Haarscharf über die Gegenwart hinaus: In zwei neuen Romanen wird Deutschlands Hauptstadt zur Bühne für dystopische Visionen – einmal neofaschistisch, einmal neoliberal.

Von Florian KellerMail an AutorIn

Wann es gekippt ist in Berlin? Angefangen hat es bei geschmolzenem Käse nach Walliser Art. Sie hatten sich übers Netz gefunden, später traf man sich zu einer geselligen Racletterunde: So erinnert sich Charlotte, eine der Figuren in Laura Lichtblaus Roman «Schwarzpulver», an die Anfänge der Bürgerwehr, für die sie jetzt, mehr schlecht als recht im Schnellverfahren ausgebildet, auf den Dächern über Berlin patrouilliert – als Präzisionsschützin, die jeden Aufruhr im Keim ersticken soll.

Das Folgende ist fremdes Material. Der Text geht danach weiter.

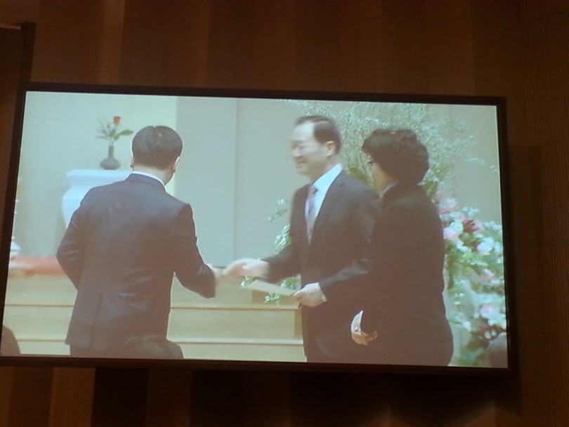 2014년 2월 23일 천복궁 대 예배시간에 유경석 협회장님의 기원절 참부모님 공로상 수상식이 거행 되었다.

Deutschland steht auf der Schwelle zu einem faschistischen Staat, aber das erfährt man hier zunächst nur nebenbei, aus beiläufig gestreuten Hinweisen. Und ganz neu sind die strammen Normen ja auch wieder nicht, für Burschi zumindest nicht: Ihr ist vieles davon bestens vertraut aus dem Dorf in Bayern, wo sie herkommt – zum Beispiel der brutale Spott gegenüber denen, die in ihrem Geschlecht oder mit ihrem Begehren nicht der Regel entsprechen. Daheim im Dorf wusste man seit jeher ganz genau, was der sogenannten Volksgesundheit förderlich ist und vor allem, was nicht. In Berlin verliebt sich Burschi jetzt in die widerspenstige Johanna, deren Hals beim Küssen nach Schwarzpulver riecht. Ein «ungefähres Wesen» ist sie, diese Johanna, und irgendwann verschwindet sie buchstäblich im Untergrund.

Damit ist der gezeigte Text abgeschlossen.